Sir Paul Harvey's The Oxford Companion to English Literature was first published in 1932, and it has been in print continuously ever since. The latest edition of the book has recently been published. A look at its history provides insight into the changing picture of the British literary and cultural landscape.

The original appearance of this book occurred by chance. Harvey had been a British civil servant; wanting to do something purposeful after his retirement, he approached the Oxford University Press and asked whether he could write something for them. Kenneth Sisam of the press suggested that he might compile a broad reference book about English literature, and offered to pay him five hundred pounds for the job. Harvey took up the challenge and started work on it in 1927 with enthusiasm and vigor. He covered, in his own words, "fifty generations of English authors" all by himself. In doing so, he was following in the footsteps of his fellow Englishman Dr. Johnson, who single-handedly compiled his great Dictionary (1755). The latter took up the vast store of English words and went on to explain their meanings with "examples from the best Writers"—over one hundred thousand such examples in fact. Johnson took only nine years (amidst ill-health, poverty, and neglect) to complete his Dictionary, whereas forty French academies took fifty-five years to produce Dictionannaire de l'Academie française. Harvey's own performance was equally remarkable. He single-handedly covered over a thousand years of English literature and published his book within five years.
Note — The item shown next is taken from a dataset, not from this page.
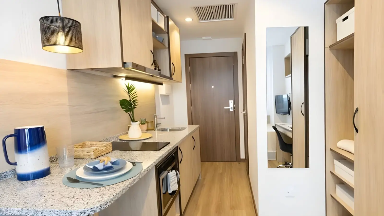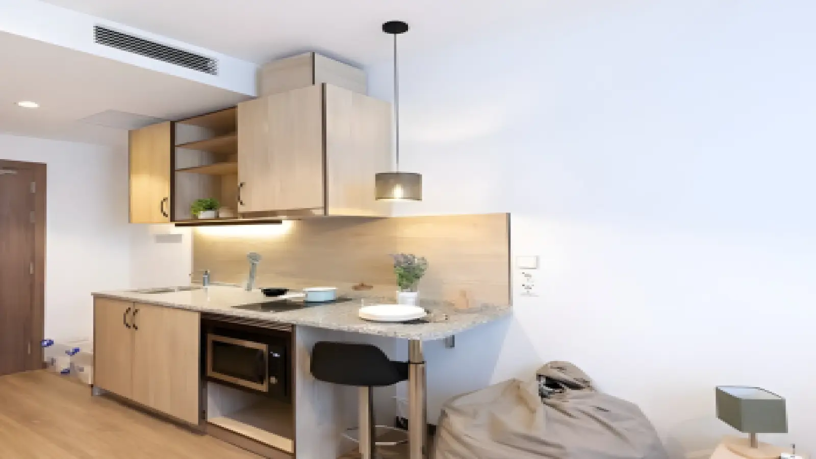Dieses Studio bietet ein gemütliches Wohnerlebnis mit möblierter Einrichtung, Balkon, elektrischer Heizung und individueller Klimaanlage. Die Nebenkosten sind in der Miete enthalten.
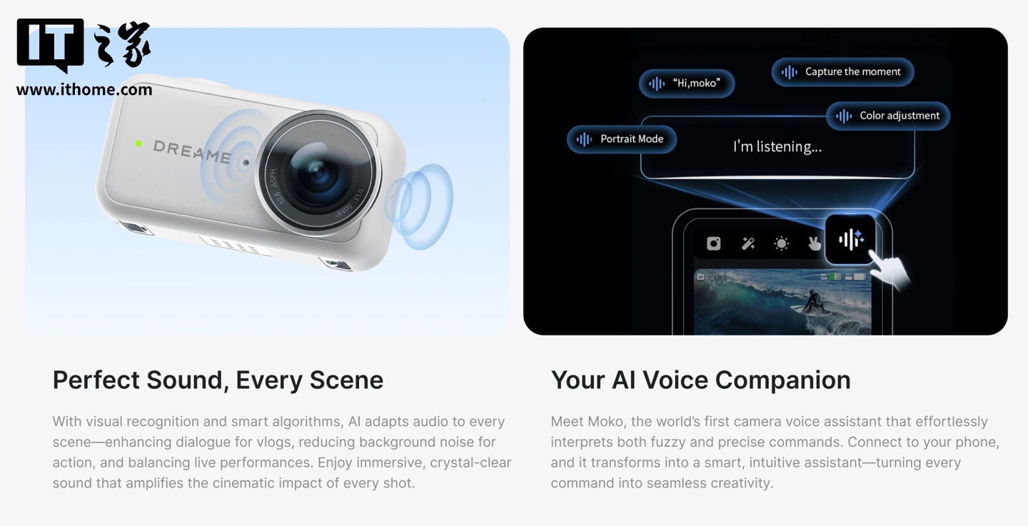 此外,这款运动相机内置一颗 4nm 芯片,支持语音指令操作、人声音量增强等 AI 功能,摄像头模块内置 64GB/128GB 存储空间,屏幕模块则带有 microSD 卡槽,支持插入 1TB 存储卡,合体续航可达 200 分钟,单体续航则为 90 分钟。

That Harvey completed this vast undertaking without the resources available to a modern editor is astonishing. He lists the few reference books, such as the Dictionary of National Biography, the Encyclopaedia Britannica, and works on classical literature, mythology, religion, and history then available. Only in the case of American literature did he seek actual contributions from [End Page 658] the Brooklyn-born author and editor Ben Ray Redman, who filled "gaps in the treatment of American writers and subjects." Oxford University Press was so pleased with the reception of Harvey's book that it commissioned him to edit the Oxford Companion to Classical Literature, as well as much of the Oxford Companion to French Literature. In fact, unbeknown to Harvey and his publishers, both had created the publication phenomenon called the Oxford Companion, under which title about seventy volumes have so far been published, the latest being the Oxford Companion to the Book (2010). This was to be different from the "Oxford Book." Arthur Quiller-Couch had first published the Oxford Book of English Verse 1250-1900 in 1900, which, unlike subsequent Oxford books on a wide variety of subjects and topics, was strictly limited in scope by its title. Harvey, however, inaugurated the concept of an Oxford Companion that was to be much more comprehensive and encyclopaedic, covering the whole range of related material relevant to the title of the book. He had said that "there is no subject on which [English literature] does not touch," and therefore he provided details not only about English writers and their works but also about their historical, religious and philosophical backgrounds, literary journals, clubs, theaters, actors and actresses. It is a measure of the literary culture of the time that Harvey's book soon became very popular among the general public, both at home and abroad, and that this 866-page book was reprinted three times within four months, December 1933-March 1934.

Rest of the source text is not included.